Not only is this technology becoming more ubiquitous by the day, with apps such as FakeApp (now removed from the internet) already promoting its popularity, but it is also now the centerpiece of a new technological arms race as academics and researchers try to tame this technology before bad actors do. Researchers at Carnegie Mellon University recently created a system that can transfer characteristics, such as facial expressions, from a video of one person to a synthesized image of another. Whilst China’s Baidu and a handful of startups such as Lyrebird and iSpeech have been selling voice cloning for commercial use in human-machine interfaces.

So how can this problem be contained? For the time being, it seems unlikely.

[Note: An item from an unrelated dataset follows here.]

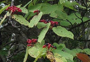 | ■花 | 両性花。白色の集合花と、周りに5弁白色の装飾花。花期 4-6月 | ■果実 | まず8-10月に赤くなり、その後に黒く熟す。8-10mm、熟期 秋。 |

Only six months ago, the potency of this technology in spreading disinformation was made clear when a small left-leaning Belgian political party, Socialistische Partij Anders (sp.a) posted a bombastic deep fake of Donald Trump across their channels, provoking hundreds of Belgians to express anger at their neighbors across the pond. “It is clear from the lip movements that this is not a genuine speech by Trump”, a spokesperson for sp.a told Politico in an exercise in damage control. Apparently not.

All is not lost, however, and researchers have identified certain cues that could indicate a video is a deep fake – with jerky movements and lack of blinking being tell-tale signs. It is true that such details can be missed by viewers, but one would hope that as these videos permeate our lives more and more, the populace will wise-up to what is and is not real (just as there are many more people today than in the past who can identify a photoshopped image for example). It is also true that by increasing the saturation of a video of a person, it is possible to detect the subject’s pulse from the almost invisible change in facial skin. In the case of deep fakes, this is not the case, and the truth is shown.

There is, of course, two sides to every technological coin. And with deep fakes, this is no different. There are of course some positive applications to this technology. One example is the Scottish firm CereProc, who creates digital voices for people who lose their own through disease. Vocal cloning can also serve an educational purpose by recreating the sound of historical figures, just as North Carolina State University did when they synthesized one of Martin Luther King Jr.’s unrecorded speeches.

For now anyway, the cons far outweigh the pros, and, unfortunately, the fact remains that the type of machine learning that produces deep fakes is difficult to reverse and thus detect. For now, all that individuals on the ground can hope for in countering this technology would be to remain vigilant. Moving forward, it would be wise to update that age-old maxim: don’t believe everything you read. Instead, welcome to a world that is home to a new saying: don’t believe everything you see.